Автопилот доставляет меня по нужному адресу. Сказать «домой» – язык не поворачивается. Называть опустевшее жилье Вениной квартирой тоже не хочется. Это уже ничей дом, ничья земля, пограничная, нейтральная полоса. Мне тут, понятно, самое место.

Падаю ничком на ковер в гостиной, рвусь в сон, как в битву, очертя голову, не раздумывая о последствиях, упиваясь собственной стремительностью. Закрываю глаза, осознавая, что это – скорее ритуал, чем насущная необходимость. Огненным дождем обрушиваются на меня осколки видимого мира, который на поверку оказался разноцветной мозаикой: собирать ее – великий труд и сомнительное удовольствие, зато разрушить, оказывается, можно одним движением нежного, слабого века, взмахом ресниц, выдохом.

112. Финн

…он приобщался к скрытым тайнам…


Я толкаю тяжелую парадную дверь, неуклюже навалившись на нее всем телом. Сую наконец любопытный свой нос в образовавшуюся прореху между «здесь» и «там». Оглядываюсь. Мраморный пол вестибюля, пустая корзинка для зонтиков, еще одна дверь – нараспашку. Захожу в холл. Ага, знакомая обстановка. Здесь я, можно сказать, родился. Или проснулся, что в моем случае одно и то же. Интересный поворот событий. Не поворот даже, прыжок, кульбит, тройной тулуп, сальто прогнувшись, батман в положении с горы на лыжах. Вот ведь блин.

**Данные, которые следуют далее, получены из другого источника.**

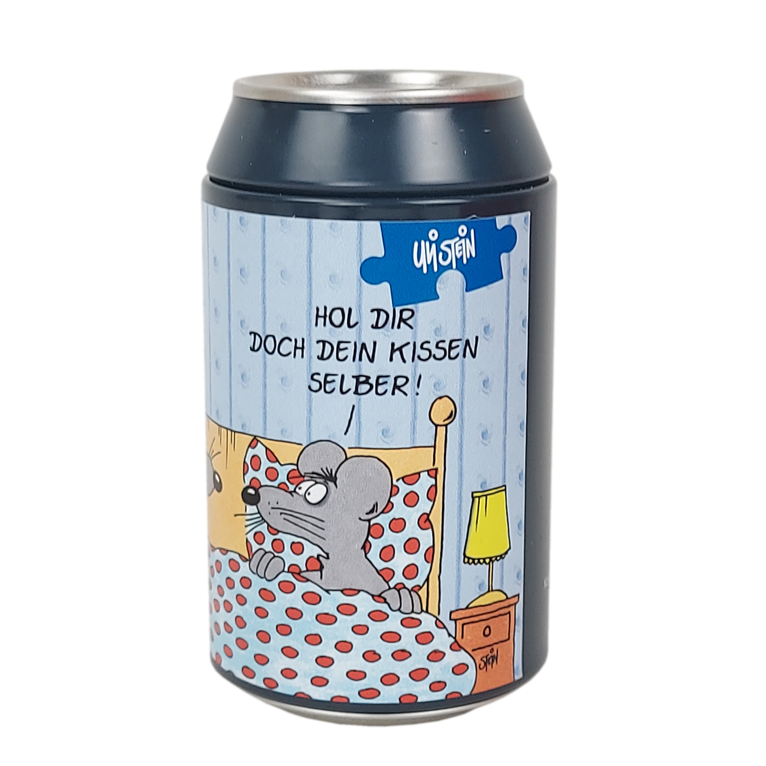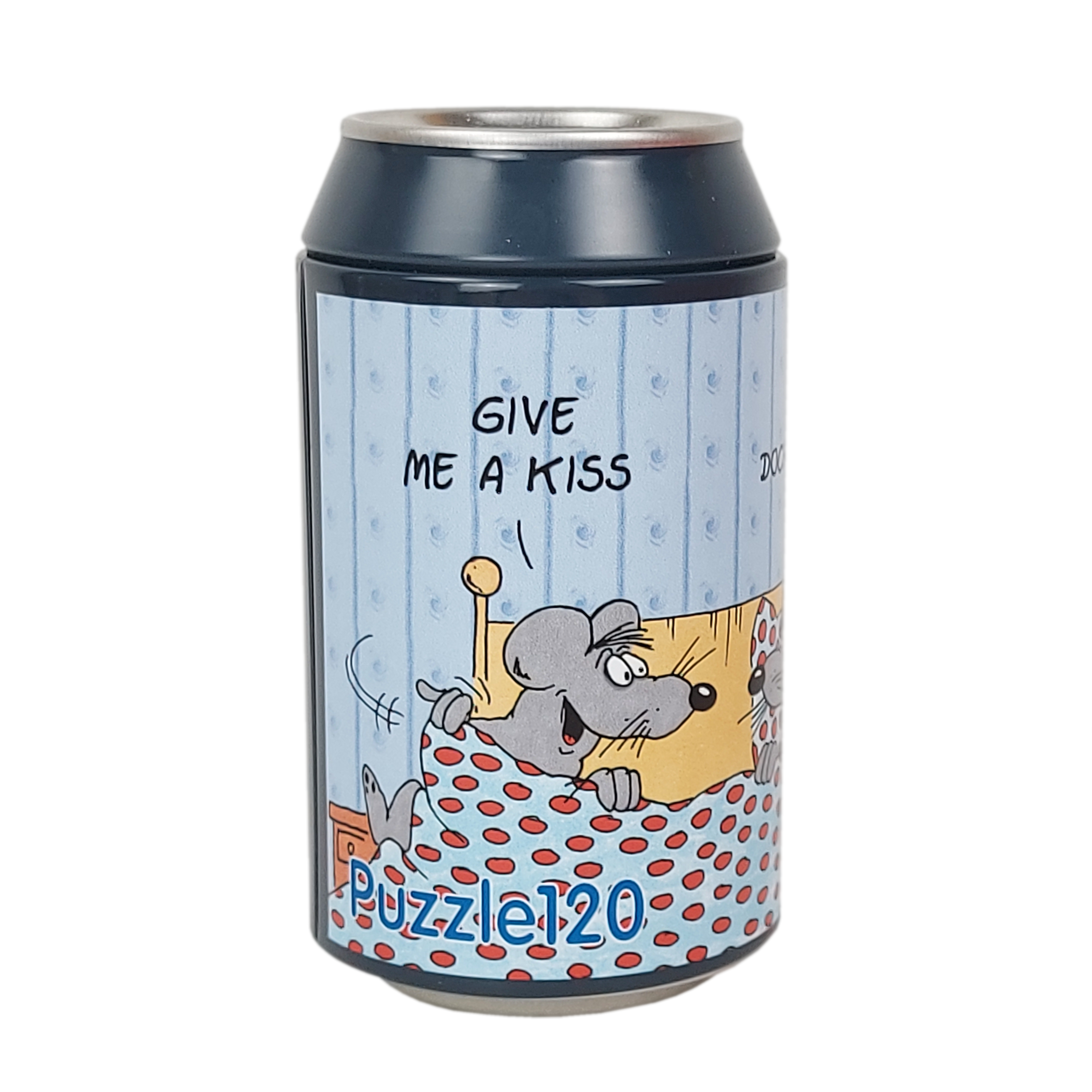 Verpackt in einer handlichen Dose, birgt dieses 120-teilige Puzzle eine einzigartige Szene. Das Motiv zeigt zwei niedliche Mäuse, die sich in ihrem Bett bereit zum Schlafen gemacht haben. Die eine Maus schaut liebevoll zur anderen und sagt: “Give me a kiss.” Doch die Antwort der zweiten Maus ist ebenso humorvoll wie unerwartet: “Hol dir dein Kissen doch selber!”

В центре – черный кожаный диван и журнальный столик, а справа, у лестницы – антикварное кресло, обитое красным плюшем. Рядом, на тумбочке оборудован рабочий уголок ночного портье: телефон, лампа под зеленым абажуром, подставка для газет, толстая стопка листочков для заметок, несколько остро отточенных карандашей, пустой графин и дружок его стеклянный стакан, чистый, но потускневший от долгого употребления. На стене – небольшое зеркало в позолоченной раме, из-под которой выглядывают выцветшие открытки с изображениями озера, холмов и полей для гольфа. Рядом прикреплено расписание пригородных электричек. Станция, обозначенная в качестве главного пункта отправления и прибытия поездов, называется Шёнефинг. Это слово, как я понимаю, надо бы запомнить, вызубрить наизусть. А еще лучше – записать. Не то чтобы я совсем не полагаюсь на собственную память (а ведь и правда не полагаюсь), но более всего меня сейчас интересует возможность провести эксперимент. Что станется с запиской, написанной во сне? Обнаружу ли я ее в изголовье, или в одном из карманов, или же текст вспыхнет огненными буквами в сизых сумерках пробуждающегося сознания, или вовсе ничего не случится до тех пор, пока я снова не замру на пороге этого сна… Пока не попробуешь, не узнаешь. Всегда так.

Беру карандаш, листок бумаги. С изумлением убеждаюсь, что грифель не оставляет на бледно-желтой линованной поверхности никаких следов. Пробую остальные карандаши, один за другим – вотще. Серебристые грифельные иглы крошатся от нажима, но бумага девственно чиста. Что ж, значит, наипростейший из известных мне способов сохранения информации тут не работает. И надо срочно изобрести какую-то иную методу, чтобы не кусать потом локти. Все бы ничего, но привкус собственного локтя во рту отбивает аппетит и ухудшает настроение…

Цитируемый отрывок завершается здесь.